Estimating win probabilities

The basic question

Since it’s tournament time, we’ve got 63 (or 67 or 134) opportunities coming up to ask the question:

What’s the probability that this team beats that team?

Kaggle

Personally, I’d love to be able to create submissions to the Kaggle NCAA contest. Doing so, though, is a multi-faceted project requiring

The collection, curation, and formatting of data,
The analysis of that data to assess team strengths and weaknesses,
The translation of those strengths, weaknesses, and potentially other factors to gametime probabilities, and
Extension of those individual probabilities to the whole tournament, possibly via simulation.

Simulation too

Note that simulation itself is an interesting and important topic. CBS Sports just posted their upset predictions, which claims to be built on 10,000 “simulations” of the tournament.

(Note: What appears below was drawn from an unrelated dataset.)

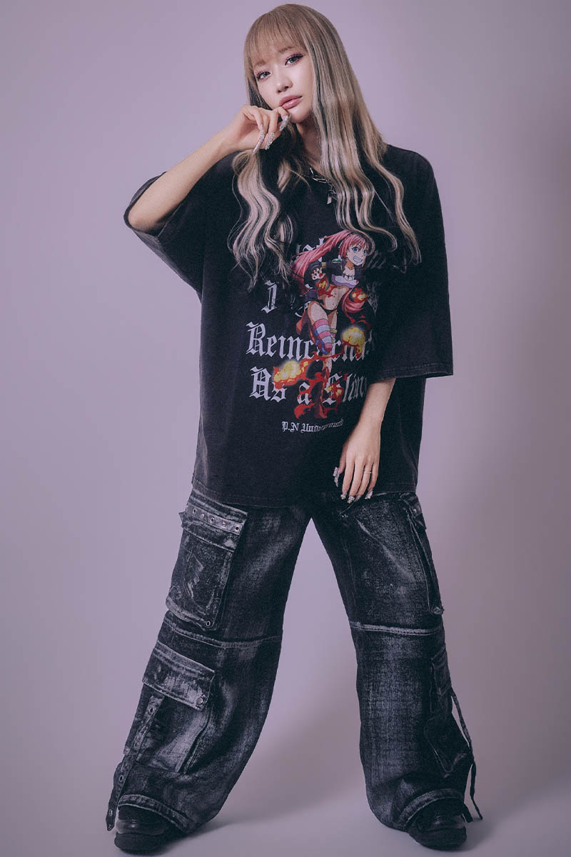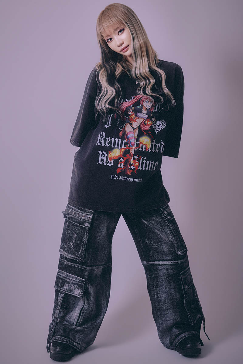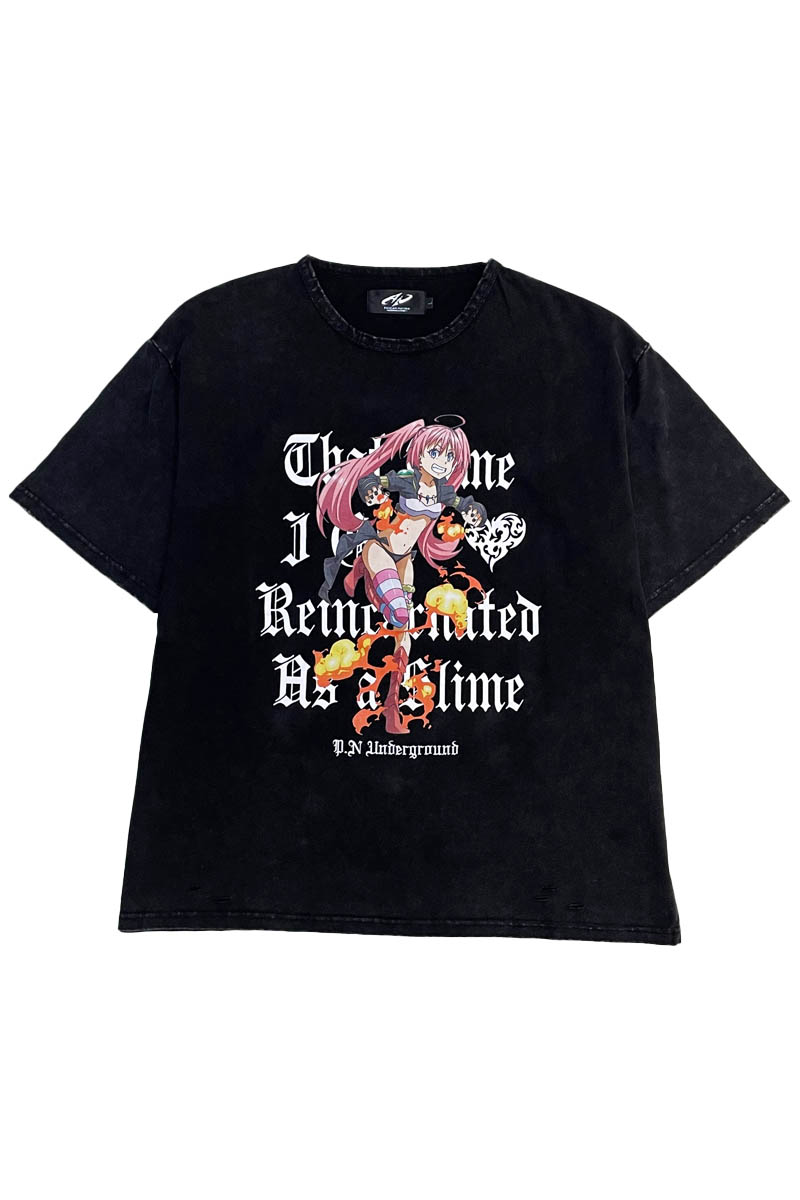 転生したらスライムだった件× P.N UNDERGROUND ミリム・ダメージTEE - Pigment Gray

Here’s my Stat 185 level explanation of simulation.

On this webpage, though, let’s focus on one particular aspect of that process that requires some knowledge of probability theory and the normal distribution. We specifically consider the following question:

Suppose we have a list of teams and we have a numerical rating associated with each team intended to indicate team strength. How can we use those ratings to answer our fundamental question: What’s the probability that this team beats that team?

Example ratings

To illustrate what we mean by ratings, consider the list of ACC teams on the next page.

	massey_rating	eigen_rating
TeamName
North Carolina	21.521838	10.199467
Duke	21.099904	9.202866
Clemson	15.345840	8.917379
Wake Forest	15.875161	8.233685
Virginia	11.425055	8.198499
Pittsburgh	14.821228	7.885828
Syracuse	8.640870	7.826167
Florida St	10.256914	7.738343
Virginia Tech	12.175809	7.629896
NC State	10.859435	7.550299
Boston College	9.982552	7.517799
Georgia Tech	4.970889	7.003241
Miami FL	9.968956	6.723686
Notre Dame	5.368068	6.464464
Louisville	0.778522	4.792415

The ratings data

For each team, we also see a couple numerical ratings - the Massey rating and the so-called eigen-rating. There are only a couple of important points for us, though:

Both ratings are numeric measures of a team’s strength relative to other teams that play within the same league.
Roughly, the difference between two Massey ratings indicates the expected score difference if the teams were to meet again. The list above, for example, suggest that UNC would be expected to beat Louisville by 20+ points. You can find Ken Massey’s ratings for all kinds of sports on his website.
The eigen-rating is based on Google’s page rank algorithm.

Just last night, I used Kaggle data to compute these ratings for all 362 Men’s teams in Division 1. The ratings above are exactly those restricted to the ACC. How to compute these types of ratings is a fun and important topic in it’s own right. For now, though, we focus on one particular question:

Given reasonable team ratings, how might we compute the probability that this team beats that team?

Assessing win probabilities

Given two teams with ratings \(R_1\) and \(R_2\), we might expect the proability that team 1 beats team 2 to depend upon the difference \(R_1-R_2\). In order to appropriately assess probabilities associated with this quantity, we should examine its distribution. Let’s take a look at a histogram of the symmetric pairwise differences of the eigen-ratings of all 362 Division 1 teams:

Using it

Hey - that looks normal! In fact, the bell-shaped curve in the figure is exactly the normal curve with mean \(\mu=0\) and standard deviation \(\sigma=2.66758\), in agreement with the data. Note that the mean has to be zero because the way that the data is formed.

Now, suppose we want to use the eigen-ratings to compute the probability that UNC beats NC State. To do so, let \(R_1 = 10.199467\), let \(R_2 = 7.550299\), and suppose that \(X\) is normally distributed with mean \(\mu=0\) and standard deviation \(\sigma=2.66758\). I guess we could express the probability that we want as \[ P(X < R_1-R_2). \]

Finishing up the computation

Computing the \(Z\)-score for \(R_1-R_2\), we get \[ Z = \frac{10.199467 - 7.550299}{2.66758} = \frac{2.649168}{2.66758} \approx 0.9931. \] Looking this up in a standard normal table or using a normal calculator, we get \(0.839669\) or about \(84\%\).

Of course, that’s not what happened this past weekend but, that’s why we love sports!